> [INFORMATION GIVEN]
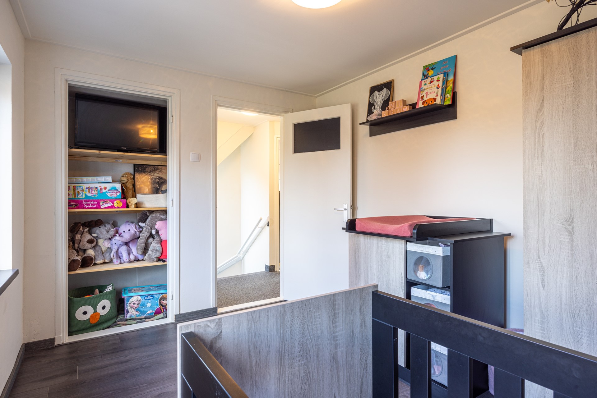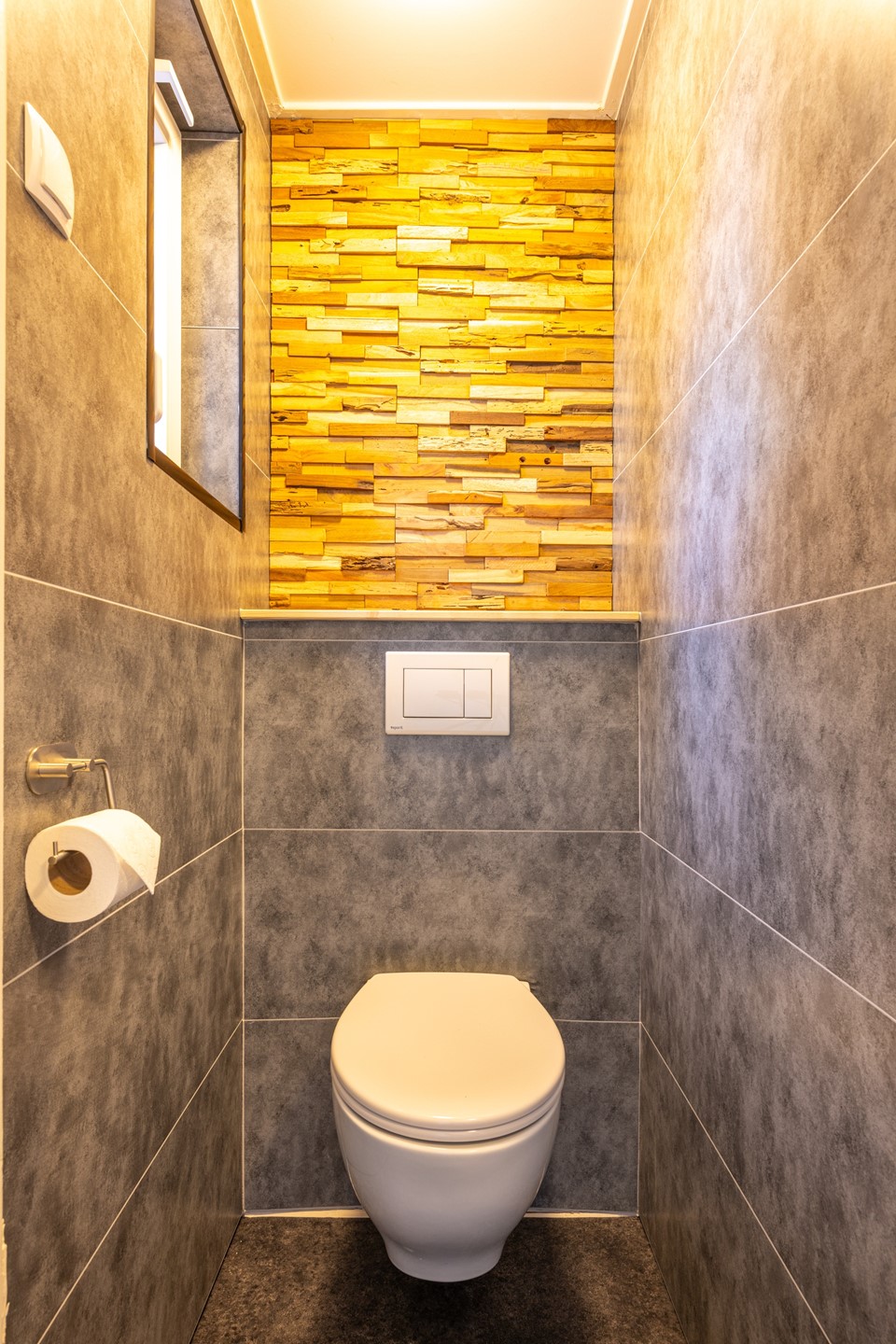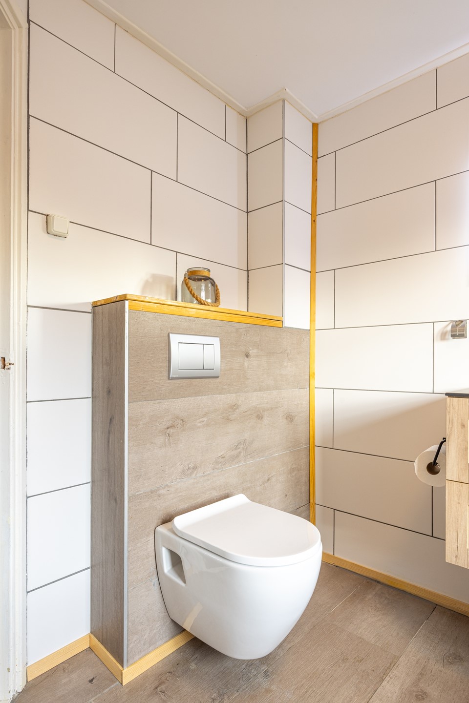 Bij aankomst valt direct de verzorgde uitstraling op. De brede oprit biedt plaats aan meerdere auto’s en via de dubbele houten poort is de tuin bereikbaar. Binnen word je verwelkomd in een nette hal met grindvloer, garderoberuimte en de vernieuwde meterkast uit 2024. Vanuit de hal is er toegang tot het toilet, dat is uitgerust met een zwevend closet en afgewerkt met sfeervolle wandbetegeling. Onder de trap bevindt zich de provisiekelder met witgoedaansluitingen, ideaal voor extra opslag of het plaatsen van wasmachine en droger.
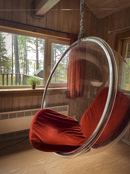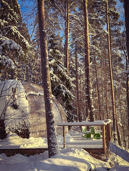 Сфера стоит на склоне, прямо на берегу озера, среди корабельных сосен, собственная терраса, горячая купель фурако (опцилнально), мангал.
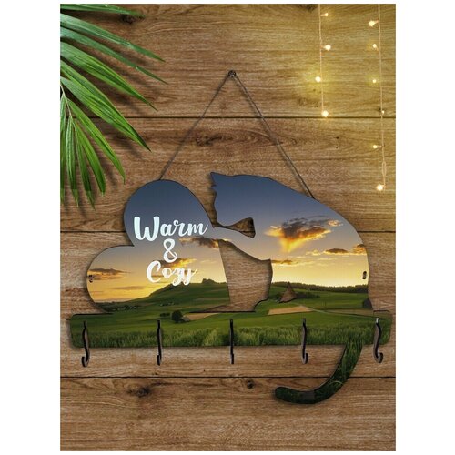 Ключница держатель для ключей настенная деревянная Котик пейзаж поле, деревня, уют и тепло, warm and cozy - 1000
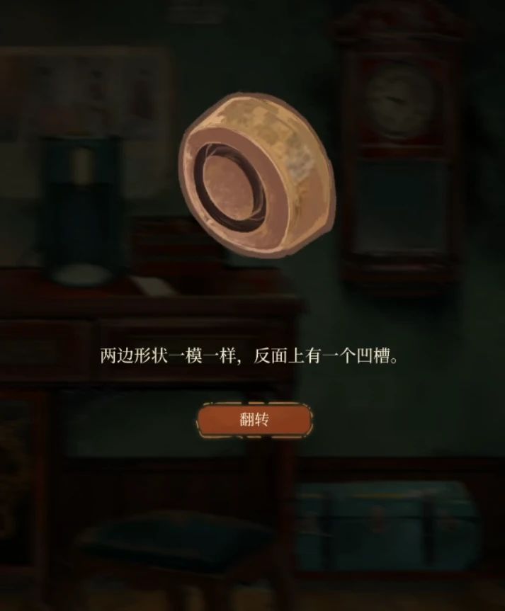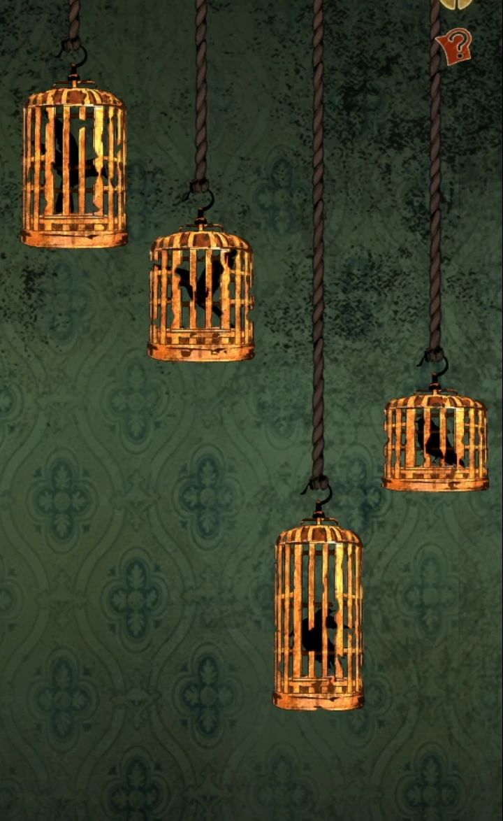 然后后左转调查上面鸟笼,按住鸟笼可以向上或者向下拖动,调整到和旗袍图案相同也就是从上往下顺序为1243时候鸟笼全部亮起,退出来到大场景就能在椅子上看到一个钟摆,拿走。
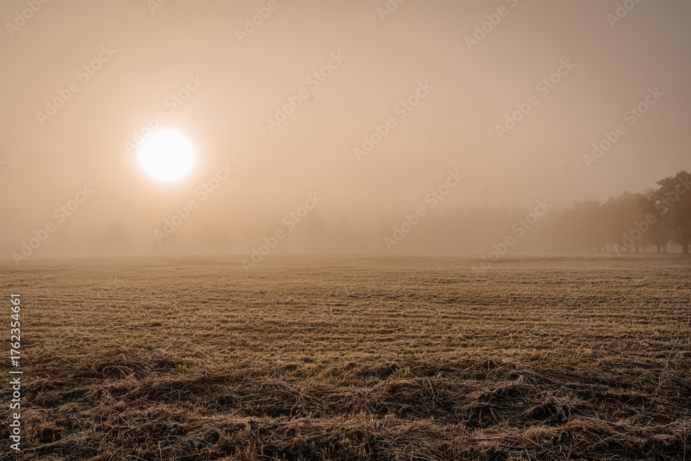 Foggy sunrise over a frosty field in rural Latvia. The sun glows through dense morning mist, creating a soft, golden-hued autumn landscape.
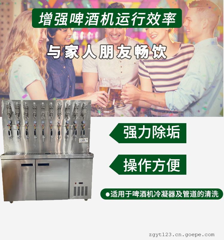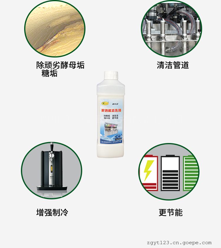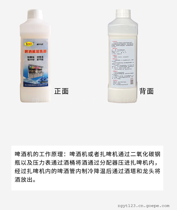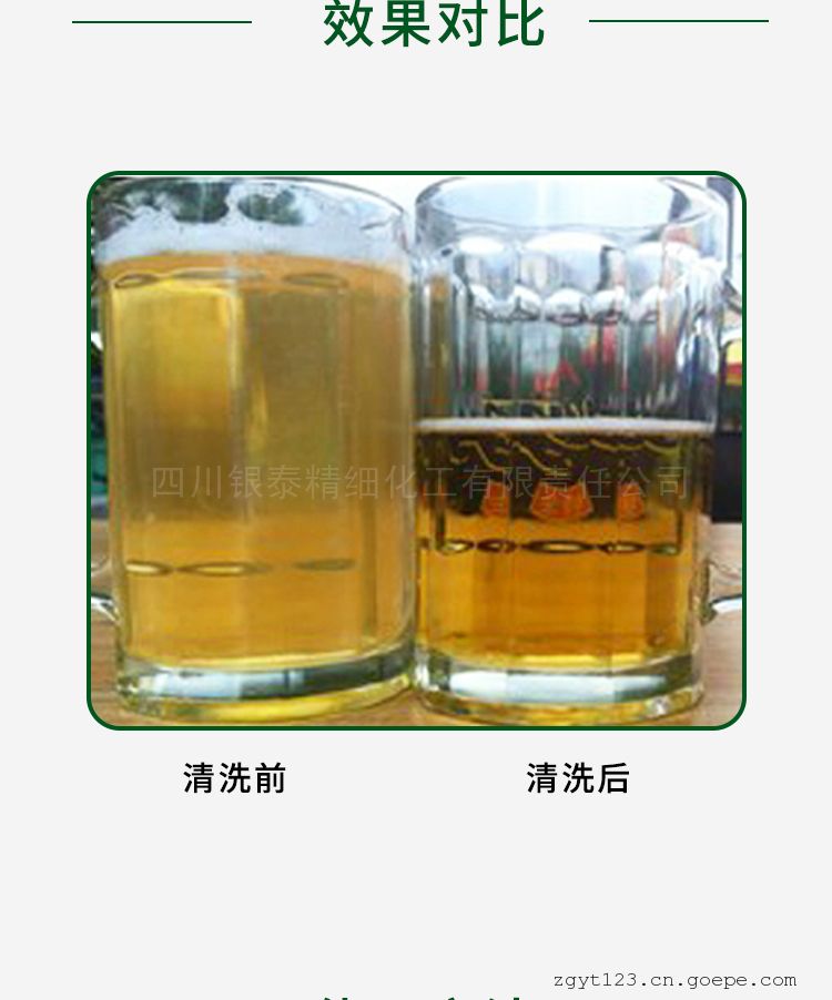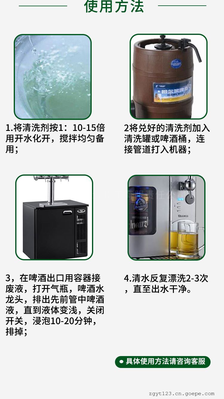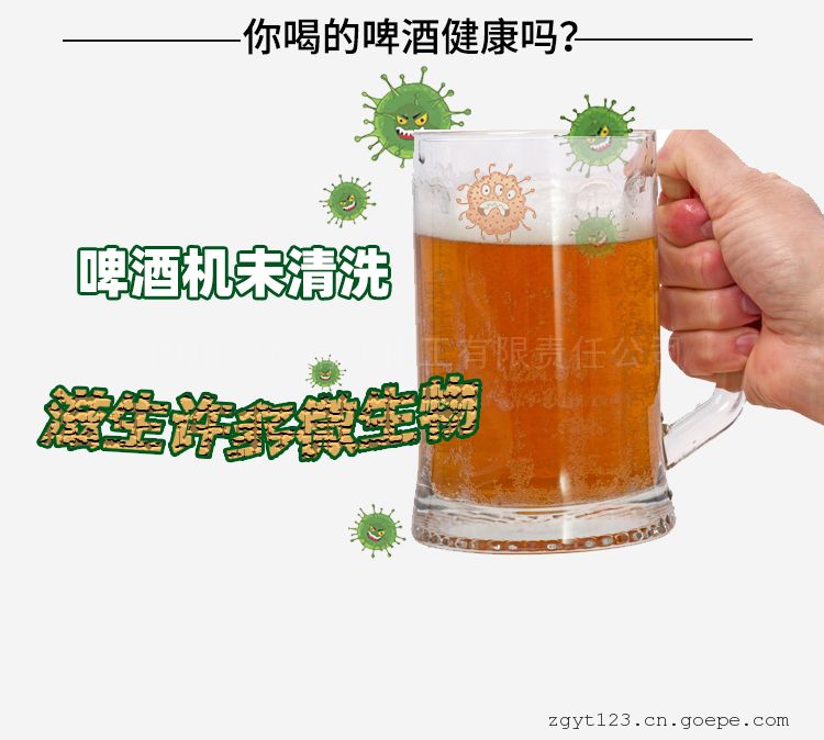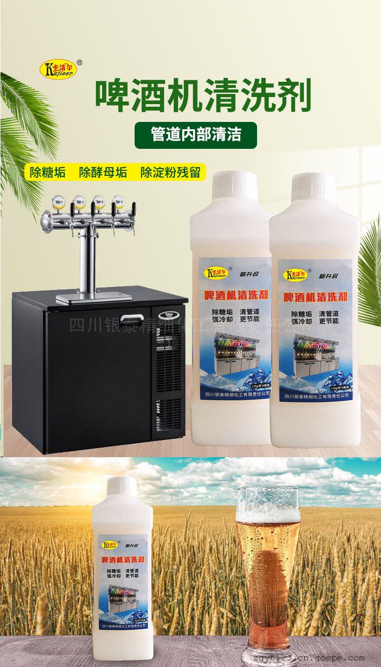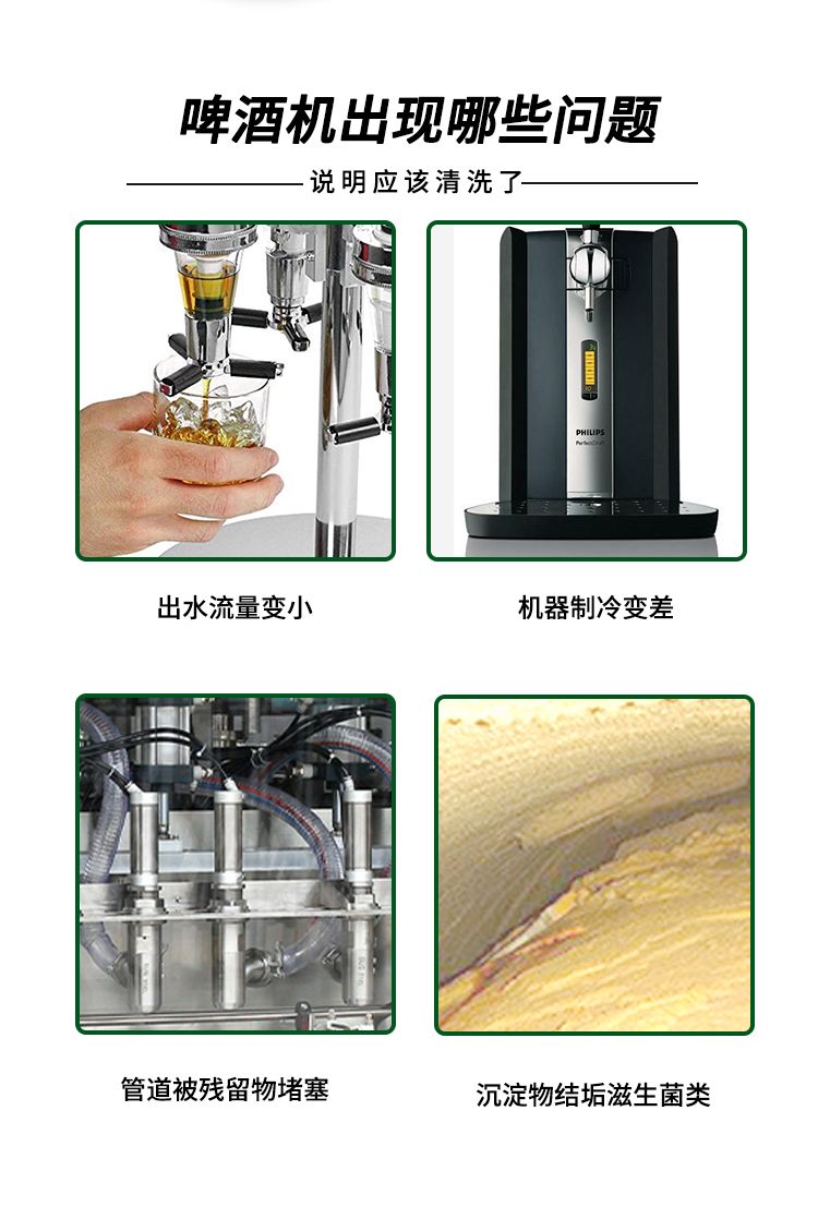 适用于啤酒机主机及管道的清洗,可快速.彻底清除啤酒机内壁酵母垢,对金色葡萄球菌及大肠杆菌的杀灭效果均达99.99%。清洗啤酒机冷凝器管道,管道内集结的麦芽糖.淀粉等冷却絮凝物。清洗后啤酒冷却效果好,冷却后的啤酒口感和性状更好。
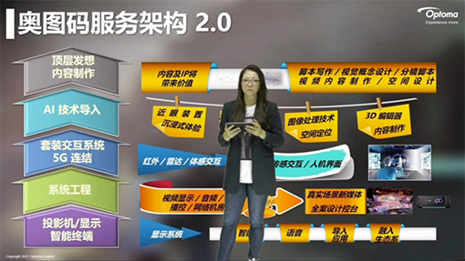 2年前,奧圖碼的布局詮釋了更完整的解決方案鏈條。從最底層的顯示終端到浮于硬件產品的發散性內容創作,有了“產品廠商”、“集成商”、“中控系統提供商”(1-3層)聯合打下的基礎,AI技術便是這“智慧時代”的增值點。奧圖碼在1年前便建立了AI技術中心,致力于將更新的智慧技術帶入到1-3層的各部分中。最后,在優質硬件、高端技術的加持下,為良好的、新穎的內容IP創作提供堅實的后盾與強大的源動力。
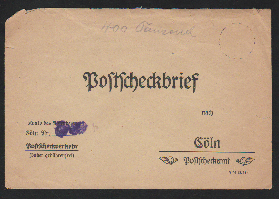 Postscheckdienst, (1923), frühes Vordruckcouvert des Postscheckamtes Cöln (übliche Gebrauchserhaltung mit kleinen Randmängeln) gelaufen mit hs. Gebührenvermerk "400 Tausend"
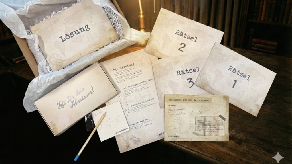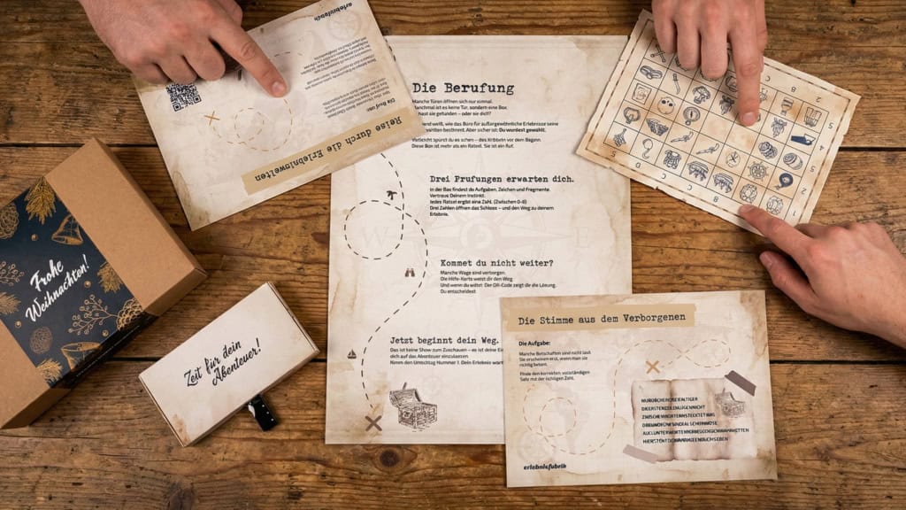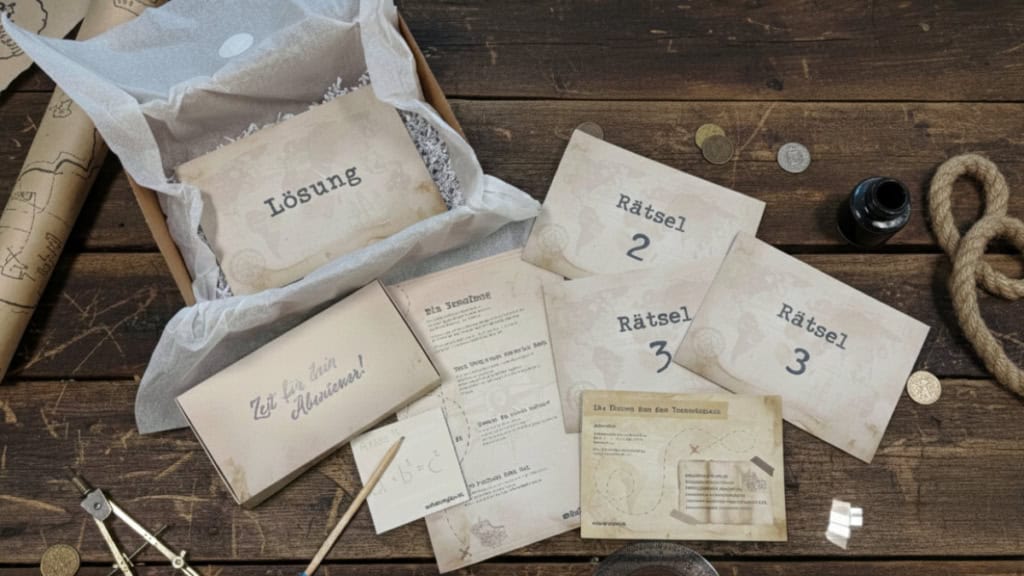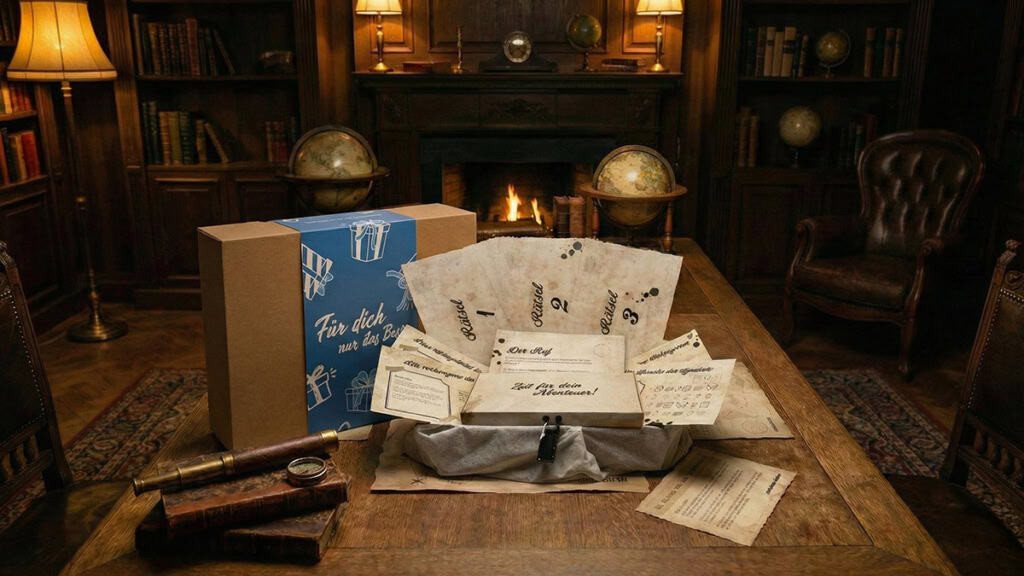 Für nur 9,90 € bekommst Du eine hochwertige Geschenkbox, drei interaktive Rätsel, ein digitales Mini-Spiel, Hinweiskarten, Lösung, Zahlenschloss sowie liebevoll gestaltete Materialien, die den Gutschein zu einer echten Überraschung machen.

> [EXERCISE]
Without any pictures, reproduce the lines from the first one in the material through the line that has "Foggy sunrise over", exactly as they appear.

> [RESPONSE]
 Bij aankomst valt direct de verzorgde uitstraling op. De brede oprit biedt plaats aan meerdere auto’s en via de dubbele houten poort is de tuin bereikbaar. Binnen word je verwelkomd in een nette hal met grindvloer, garderoberuimte en de vernieuwde meterkast uit 2024. Vanuit de hal is er toegang tot het toilet, dat is uitgerust met een zwevend closet en afgewerkt met sfeervolle wandbetegeling. Onder de trap bevindt zich de provisiekelder met witgoedaansluitingen, ideaal voor extra opslag of het plaatsen van wasmachine en droger.
 Сфера стоит на склоне, прямо на берегу озера, среди корабельных сосен, собственная терраса, горячая купель фурако (опцилнально), мангал.
 Ключница держатель для ключей настенная деревянная Котик пейзаж поле, деревня, уют и тепло, warm and cozy - 1000
 然后后左转调查上面鸟笼,按住鸟笼可以向上或者向下拖动,调整到和旗袍图案相同也就是从上往下顺序为1243时候鸟笼全部亮起,退出来到大场景就能在椅子上看到一个钟摆,拿走。
 Foggy sunrise over a frosty field in rural Latvia. The sun glows through dense morning mist, creating a soft, golden-hued autumn landscape.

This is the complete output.